In January 2021, the Heller School embarked on a school-wide initiative to deepen the community’s understanding of racial equity and racism in the U.S. This effort consisted of a one-credit pro-seminar for students, and a school-wide and alumni invitation to participate in the 21-Day Racial Equity Challenge, a self-guided reading and reflection exercise originally conceived by Eddie Moore, Jr. and the American Bar Association.
Over 60 students participated in the pro-seminar, which was co-led by Associate Dean for Equity, Inclusion and Diversity Maria Madison and Practicum Program Manager Sarah LaMorey, MA SID/COEX'19, with support from EID Administrator Tynika Booth and students Kendra Davis, MS/MA SID'21 and Pierrce Holmes, MPP’22.
The course, titled “Racial Equity: Intersections of Race, Power, Privilege, Supremacy and Oppression," centered on the 21-Day Challenge while integrating lectures from Heller faculty. This included a lecture on Kingian Nonviolence, a talk by Anita Hill on the future of equality and the U.S. Supreme Court, and an exercise on developing personal action plans to continue antiracism work after the course concluded. For their final assignments, students prepared reflection memos or proposed a 21-Day Challenge of their own design.
Overall, says Madison, student feedback about the pro-seminar has been enthusiastic and powerful. “There were transformative experiences,” she says. “For some it was transformative in terms of a learning experience, for others it was very emotional, and some even described engaging differently with their spirituality. It’s difficult but important to tap into the humanity and the lived experiences of these topics.” Madison referenced the words of Bill Jenkins, the epidemiologist and activist who blew the whistle on the U.S. government’s Tuskegee syphilis study: “If you ever wondered who you would have been in the 1960s, now is your time.”
These initiatives build on years of work led by Madison to develop a multicultural responsible and relevant teaching and learning (MRRT) program at Heller. Madison forged an MRRT partnership with the Brandeis library and Center for Teaching and Learning, and created a pilot program with the MPP faculty that showed feasibility. These successes suggested scaling up and strengthening behavioral and organizational change approaches as a logical next step.
“Step one of MRRT isn’t transforming your syllabus, It’s self-reflection and self-awareness,” says Madison. “When I heard about the 21-Day Challenge, I thought ‘that’s it!’ The Challenge presents a unified, collective way to engage a community simultaneously in the journey of perspective-taking on populations (and their history) that are systematically misrepresented in academia and society. The Challenge moves the community through and beyond the failed promises of policies and laws to the racialized imagination buoying discrimination. We knew students wanted to take a class over winter break, so this seemed like the perfect way to take this work and make it bigger.”
In addition to the intensive nature of the course and 21-Day Challenge, national and global events in January led to a heightened awareness of the nation’s current racial justice crisis. As one student said, “We went through a lot this month. Not just the 21-Day Challenge, but also the Georgia runoff elections, an insurrection, an impeachment, and an inauguration.”
Outside of the student pro-seminar, the entire Heller community and alumni body were invited to participate in the 21-Day Challenge. Over 125 people opted to receive daily email prompts to engage with the day’s article, video or podcast, and to reflect on the content. In addition, Heller student Pierrce Holmes, MPP’22, and classmates Adam Jones, Andrea Tyree, and Vandita Wilson built a companion Spotify playlist and added resources that celebrate Black resilience and the contributions of marginalized artists, poets, authors, musicians, scientists and more.

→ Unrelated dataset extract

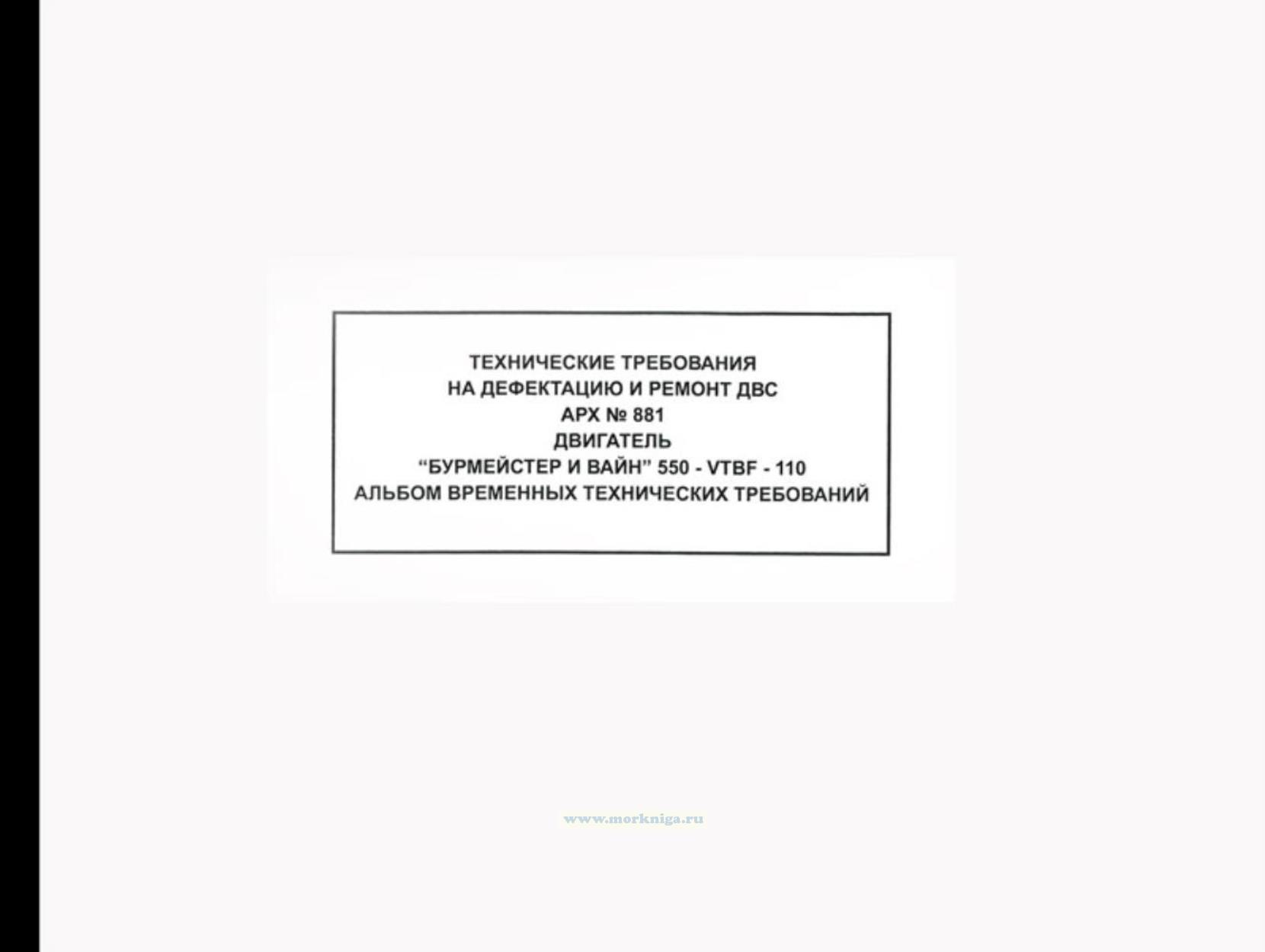 Временные технические условия на дефектацию и ремонт двигателей "Бурмейстер и Вайн" 550-VTBF -110 разработаны с учетом опыта ремонта этих двигателей на судоремонтных предприятиях, а также изготовления двигателей типа ДКРН 50/110 и монтажа их на строящихся судах.

Among the 21-Day Challenge participants was Dean David Weil, who offered his reflections to students during the last pro-seminar session. “This morning I read a Boston Globe article about the disparities in vaccine access for Black and Hispanic residents in Boston,” he said. “That news wouldn’t have surprised me before, but I now see that article through a much broader lens of structural racism than I ever had before.”
Given the success of these January initiatives, the team is looking to ways to build this into the Heller experience. Other graduate schools at Brandeis are planning 21-Day Challenges of their own, and the planning team hopes to host a campus-wide event with Moore this spring.
“As far as I’m concerned, we should consider these efforts as merely a pilot. The question is not whether Heller will continue to build this into our curriculum and professional development, but how and when,” says Dean Weil.